This is Canada's Prime Minister.
He and his government of intolerance
refuse to acknowledge the ever-prolonged
exploitation of Canada's Native People and the
heinous crimes perpetrated against them!
Colonialism, Hatred, Violence, Theft,
Human Rights Violations and
Apartheid
will continue under this government's "leadership".
What's reflected in Survivors Rowe is at once, infuriating and on another level, infused with a sense of both healing and forgiveness - indicative of the fearlessness of its subjects and the skill with which Roher renders his film. Skillfully blending archival footage with knock-you-flat-on-your-back interviews, we're introduced to several young men - notably Joshua Frog, John Fox and Ralph Winter of Northern Ontario's Anishinaabe nation. They tell us their stories of living on isolated reservations, a strange combination of genuinely idyllic surroundings, but within the trappings of Canada's own system of apartheid. There are fond, memories, to be sure: living in the wilderness, a special bond with the natural world, skating on icy waterways, genuine play not rooted in the mind-destroying contemporary world of digital gaming and, at least initially, the dashingly dramatic arrival of Ralph Rowe, the rugged man's man who serves as a pilot, Boy Scout leader and Anglican Minister.

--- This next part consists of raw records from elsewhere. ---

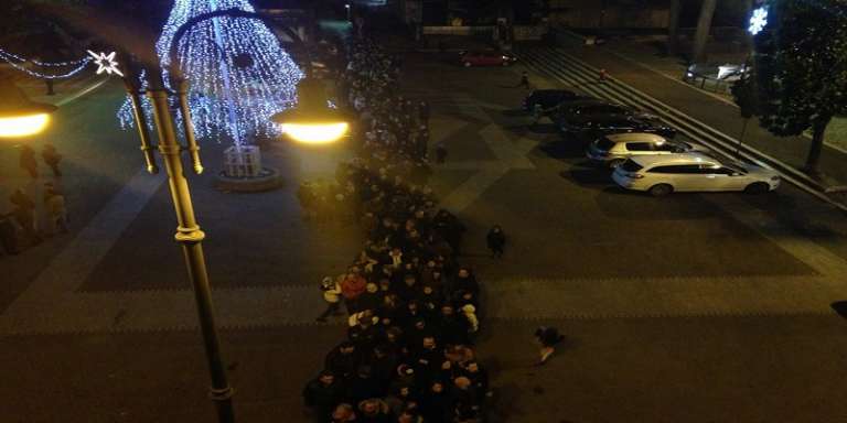 (NELLA FOTO LA LUNGA FILA DI GENTE IN VISITA AL PRESEPE)
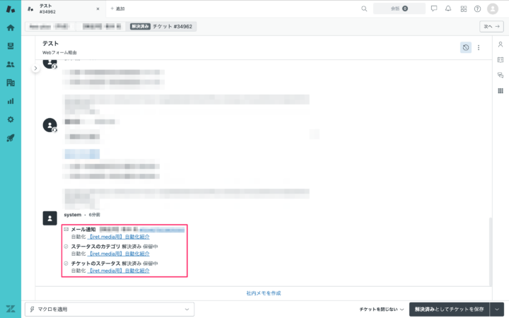 無事に自動化が動作し、チケットのステータスが「解決済み」に変更されていることを確認できました!
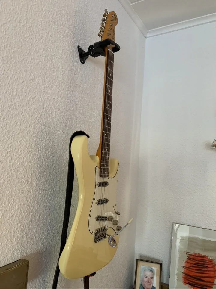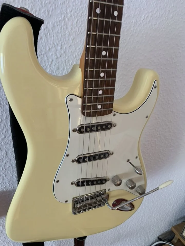 Alt, aber sehr reizvoll. (Noch ohne den späteren Roundback) Eine Statacoustic deluxe mit Piezo und mag.
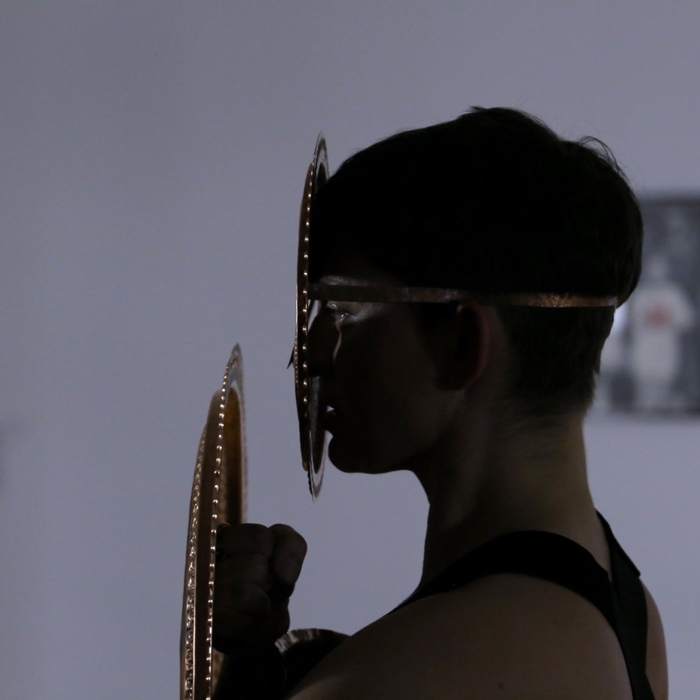 In Gorgo, a beheaded Medusa returns in the form of the artist’s body, protected by a copper armor. The Medusa, Gorgon:GORGO resurrects by way of ancient crafts and technology. The copper of the armor is the ancient material that has been worked for battle armors and households for centuries and is mired in the past. Rascic’s video brings the Medusa, with all her meta-baggage, into the present and a speculative future by the simple agency of sound amplification generated by the artists’ body and armor in performance. Gorgo’ s armor, crafted in collaboration with the only female coppersmith in Bosnia, apart from evoking a “cyborg in becoming” is treated in the space of the exhibition like the remains of an unknown, ancient, heroine in an archeological display.
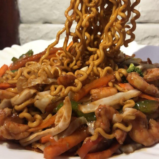 Tradicional yakissoba com camarão, carne , frango , legumes frescos e macarrão ao molho especial .
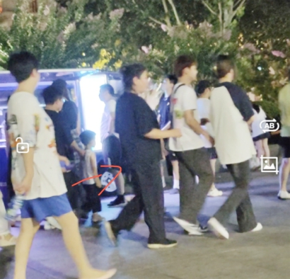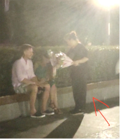 23:04,这名女子先是跟在一对情侣身后,想将手里的花束递给他们。没有成功后,她又将注意力转移到另一对情侣身上,她先是将花束猛然递到这对情侣面前,女生摆手拒绝后,她又与男生在原地僵持了数秒后才离开。
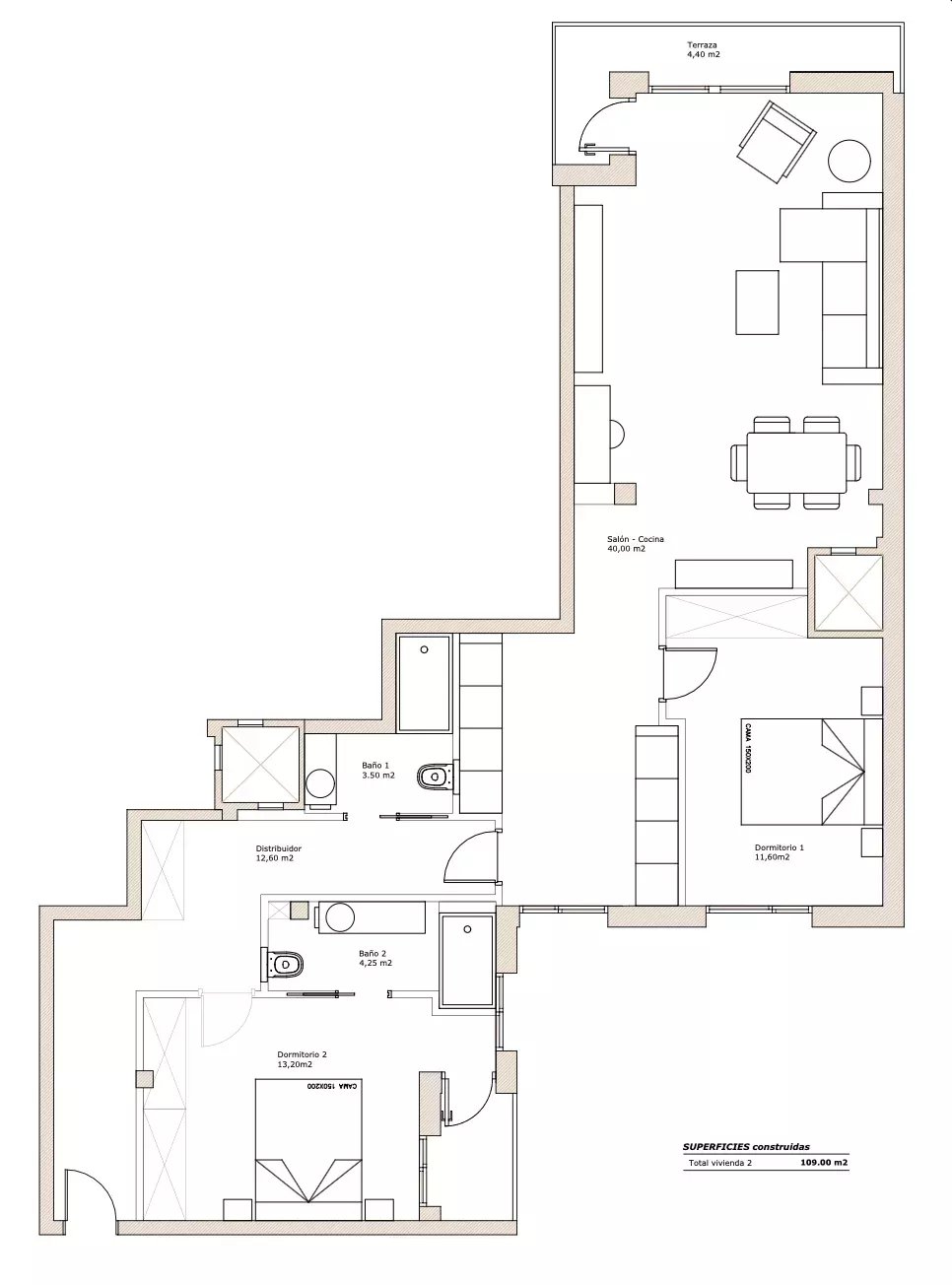 El piso se encuentra en excelente estado y ha sido reformado con acabados de alta calidad. Cuenta con dos amplios dormitorios, dos baños completos, un salón comedor integrado con cocina abierta, y una terraza ideal para disfrutar del entorno urbano con privacidad.
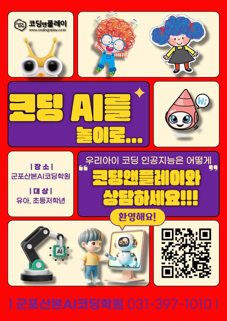 자세한 사항이 궁금하다면!!!^^[코딩앤플레이 군포산본AI코딩학원]우리 아이 첫 코딩 교육!!!코딩교육 처음 부터 제대로코딩앤플레이 군포산본AI코딩학원에서 시작하세요.^^[상담/문의]TEL : 031-397-1010https://blog.naver.com/gpcoding 코딩과 AI를 놀이로... 군포산본AI코딩학원과 상담하세요!!!(유아 및 초등 저학년)※ 학원 관련 문의 사항 ※인스타그램 https://www.instagram.com/gunpo_codingnplay/카카오채널 http://pf.kakao.com/_dcGDxb카카오채널 친구추가 http://pf.kakao.com/_dcGDxb/friend유튜브 https://www.youtube.com/@군포산본AI코딩학원문의 전화 : 031-397-..
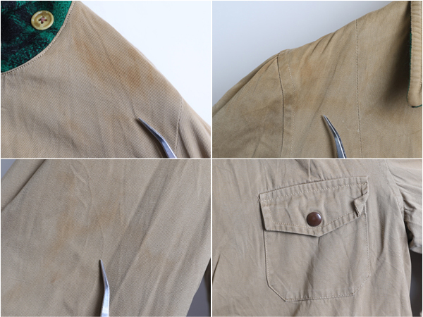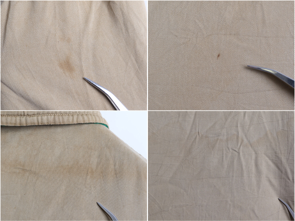 袖口に軽いダメージ、裏のコットンの側にシミや汚れがあります。 目立つヨゴレ等無く着用するのに問題ない程度です。 |

Rowe is not only a charismatic, almost mythic figure, but he's actually taken the time to learn Native languages and dialects to converse with elders, adults his own age and kids. What nobody knows, what nobody could ever imagine, is that Ralph Rowe is a pedophile. The on-camera testaments delivered by the film's key subjects reveal some of the most harrowing, horrific and just plain malevolent acts perpetrated by this man of the wilderness, this man of God, this monster.

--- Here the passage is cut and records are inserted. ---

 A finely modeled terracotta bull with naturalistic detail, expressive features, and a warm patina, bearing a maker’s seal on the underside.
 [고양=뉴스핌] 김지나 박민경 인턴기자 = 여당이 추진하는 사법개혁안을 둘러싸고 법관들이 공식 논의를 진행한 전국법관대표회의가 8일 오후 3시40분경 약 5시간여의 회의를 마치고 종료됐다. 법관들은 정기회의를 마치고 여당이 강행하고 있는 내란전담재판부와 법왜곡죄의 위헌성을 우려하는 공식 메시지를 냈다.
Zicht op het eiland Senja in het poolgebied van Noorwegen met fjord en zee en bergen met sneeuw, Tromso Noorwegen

One of the most extraordinary things director Daniel Roher achieves here as a filmmaker is how he fashions any great narrative's need for an antagonist. On the surface, this figure is clearly Ralph Rowe, but as the film progresses, Rowe's external position as a villain, or rather, as an antagonistic force flows into the pain, sorrow, self-loathing and self-harm faced by the victims of his crimes. Then, even more extraordinarily, the antagonistic force of Rowe, his victims' suffering and the metamorphosis of this into the aforementioned process of healing, gives way to an even greater antagonist - a seemingly perpetual cycle of abuse which, is ultimately societal and must be actively addressed far more vigorously and openly than it is.

Ralph Rowe most likely sexually assaulted over 500 Native children and was, no doubt, responsible for a huge swath of suicides amongst both children and adults (not to mention residual effects upon subsequent generations). Unfortunately, the Canadian judicial system has only tried and convicted him for what amounts to a mere handful of sex crimes. He served a meagre five years in jail, was essentially handed a deal by the Crown to leave him be no matter how many accusations continue to surface and he lives a quiet, peaceful life in Surrey, British Columbia. Neither the Anglican Church nor the Boy Scouts have ever officially apologized to the victims and yet, those victims who did not commit suicide have endured decades and, if truth be told, lifetimes of living Hell.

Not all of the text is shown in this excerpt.